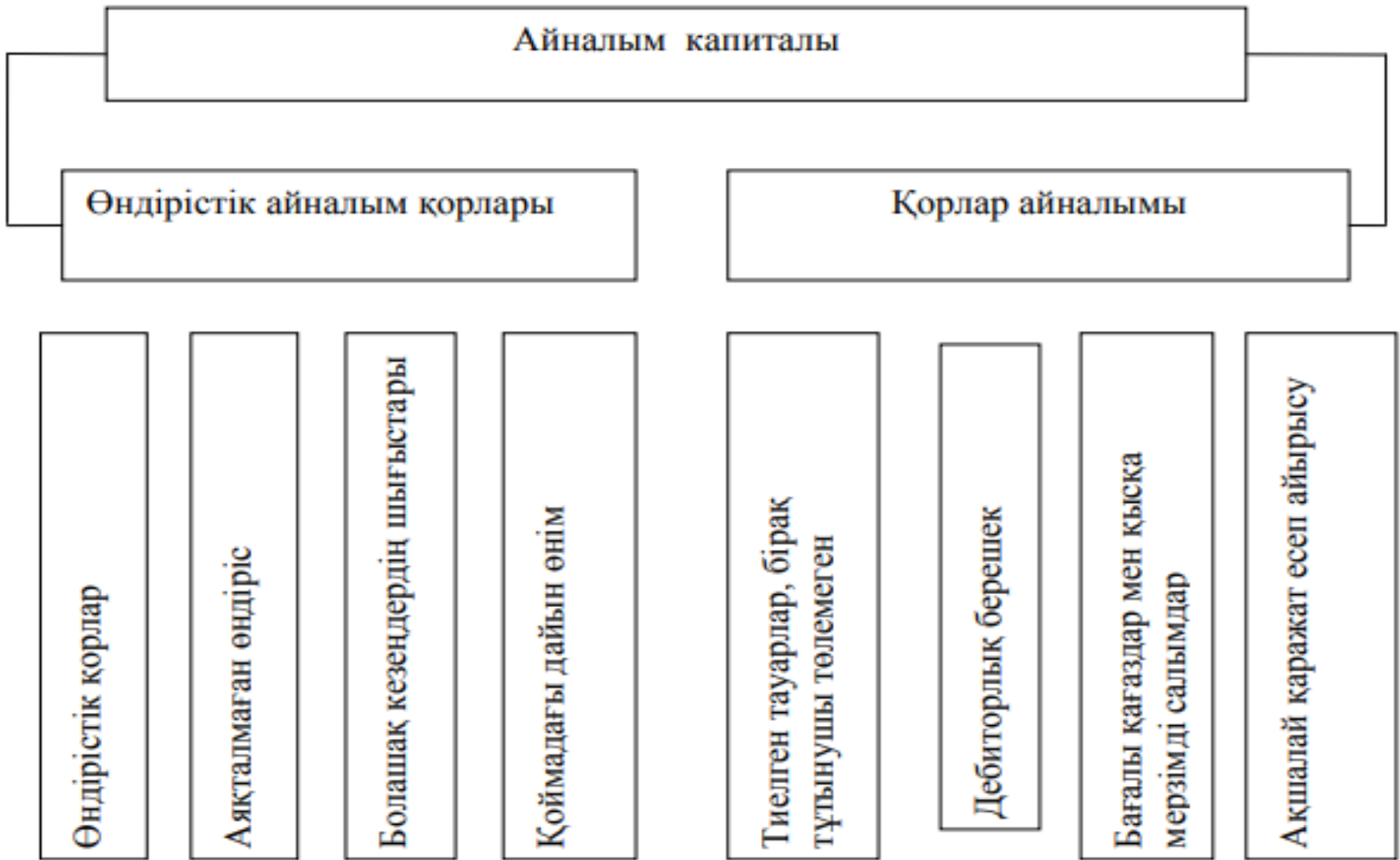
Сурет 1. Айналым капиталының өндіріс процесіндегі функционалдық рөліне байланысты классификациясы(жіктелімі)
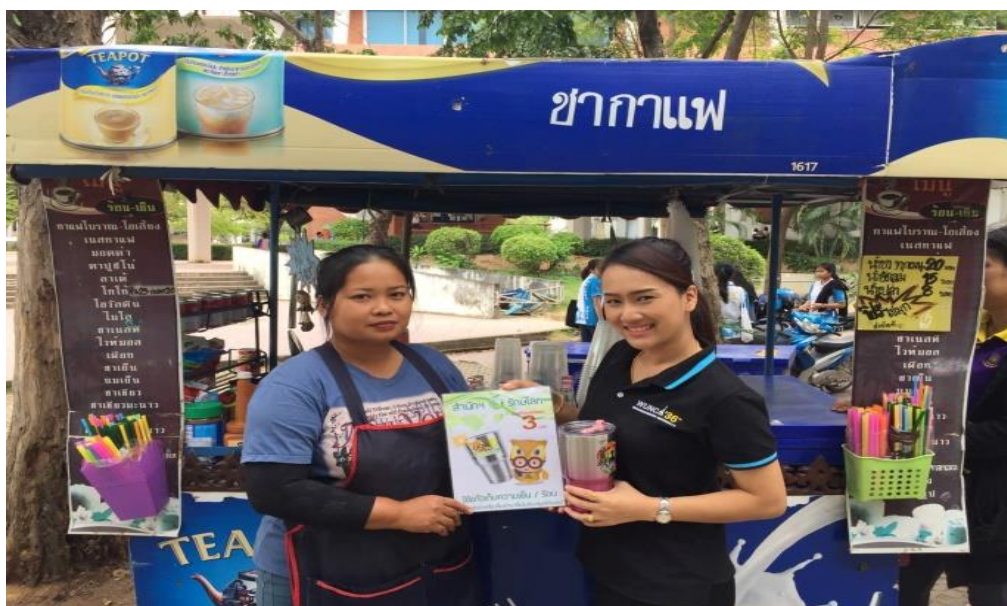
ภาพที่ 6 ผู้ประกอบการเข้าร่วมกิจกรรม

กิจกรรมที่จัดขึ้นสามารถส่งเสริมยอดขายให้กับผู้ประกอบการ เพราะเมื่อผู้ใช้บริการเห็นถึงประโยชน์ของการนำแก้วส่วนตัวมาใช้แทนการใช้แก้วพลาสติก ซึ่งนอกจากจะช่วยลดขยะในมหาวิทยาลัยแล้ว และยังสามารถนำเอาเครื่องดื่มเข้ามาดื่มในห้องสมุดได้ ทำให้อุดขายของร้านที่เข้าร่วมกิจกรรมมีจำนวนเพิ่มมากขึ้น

■ TASK STATEMENT ■
The whole listing is to be retyped exactly, with its pictures removed.

■ RESULT ■
Сурет 1. Айналым капиталының өндіріс процесіндегі функционалдық рөліне байланысты классификациясы(жіктелімі)
ภาพที่ 6 ผู้ประกอบการเข้าร่วมกิจกรรม

กิจกรรมที่จัดขึ้นสามารถส่งเสริมยอดขายให้กับผู้ประกอบการ เพราะเมื่อผู้ใช้บริการเห็นถึงประโยชน์ของการนำแก้วส่วนตัวมาใช้แทนการใช้แก้วพลาสติก ซึ่งนอกจากจะช่วยลดขยะในมหาวิทยาลัยแล้ว และยังสามารถนำเอาเครื่องดื่มเข้ามาดื่มในห้องสมุดได้ ทำให้อุดขายของร้านที่เข้าร่วมกิจกรรมมีจำนวนเพิ่มมากขึ้น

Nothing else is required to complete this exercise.